Our latest recommendation combines two long-established investment themes: global diversification and value investing, explains Nicholas Vardy, in The Alpha Investor Letter.

Launched in March 2014, the Cambria Global Value ETF (GVAL) tracks the Cambria Global Value Index. This new Index takes the well-established principles of value investing as articulated by Benjamin Graham and David Dodd and applies them to global stock markets.

Graham and Dodd epitomize the long-term view of value investing by not focusing on short-term or expected earnings, but instead, using historical earnings that have been smoothed over the long-term.

The long-term philosophy of stock market valuation was given new life by 2013 Nobel Prize-winning Yale University economist Robert Shiller through his own articulation of the cyclically adjusted price-to-earnings ratio (CAPE).

CAPE is a variation of the traditional price/earnings ratio (P/E). It uses a trailing 10-year average of earnings rather than simply using the most recent year. By taking a 10-year average of the P/E, it smoothes out the extremes of the business cycle.

The Cambria Global Value ETF uses an approach similar to Schiller’s, but applies the CAPE methodology to 45 major world markets. It then invests in cheap companies in the cheapest markets in the world. Cambria’s investment universe of 45 countries includes both developed and emerging markets.

Cambria ranks these markets by valuation, using CAPE as an initial screen. It then selects companies within these markets that trade at discounts to their intrinsic value, according the principle set out in Graham & Dodd’s “Security Analysis.”

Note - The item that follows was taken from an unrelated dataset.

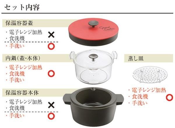 | 素材・材質 | 保温容器本体・保温容器蓋・保温容器ツマミ・内鍋ツマミ:ポリプロピレン 内鍋本体・内鍋蓋・蒸し皿:ポリメチルペンテン 溶着リング:ステンレススチール 断熱材:発泡スチロール |
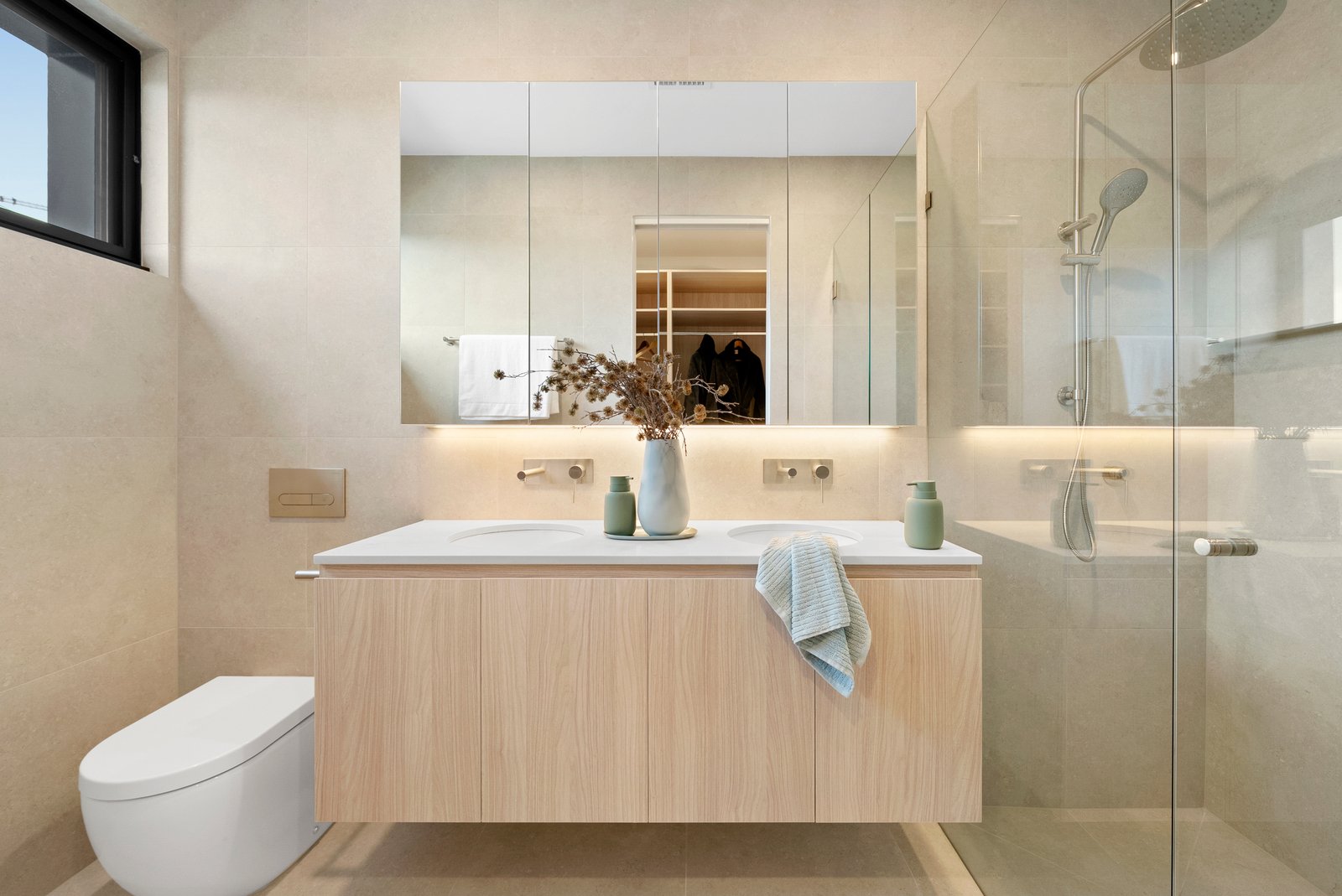 Upstairs, exclusivity continues with a serene retreat or home office and a sumptuous master suite with walk-in robe and luxe ensuite. Two further bedrooms share a designer bathroom highlighted by a soaking tub set against full-height tiling.

Cambria then screens for stocks with market caps larger than $200 million. After yet an additional screen to avoid over-concentration in any single country, Cambria generates—and invests in—a portfolio of 100 global value stocks.

The Cambria Global Value ETF has an additional secret weapon that should boost its long-term returns. Only 53% of its portfolio is invested in large-cap stocks. The rest is invested in small- and mid-cap stocks.

This is important for two reasons. First, all other things being equal, a focus on small-cap stocks should generate higher returns over the long-term.

The countries Cambria Global Value ETF often invests in are among the worst performers of recent years—a veritable 'rogues gallery of countries' such as Brazil, Spain, Israel, Italy, Ireland, Russia, Austria, Portugal, Greece, the Czech Republic, and Hungary.

Looking at that list of countries may make you feel a bit queasy. That queasy feeling you have is precisely why value investing is not easy. But here’s why I am overcoming my own hesitations and recommending Cambria Global Value ETF.

First, global stock markets have been out of favor for so long that they are far overdue for a monster rally. Once global stock markets do take off, they can double and triple in relatively short order. I don’t see the same kind of upside in the US stock market over the same time frame.

Second, the markets in which Cambria Global Value ETF invests are the cheapest markets in the world. So, when global markets do rebound, I expect the bounce in the cheapest markets to be the sharpest and quickest.

Third, like everything else in life, investment markets do revert to the mean. Stock markets that are overvalued—like the United States—do tend to stagnate, and undervalued markets do tend to recover, over time.

Given the valuation gap between the United States and the rest of the world, the case for Cambria Global Value ETF is more compelling than ever.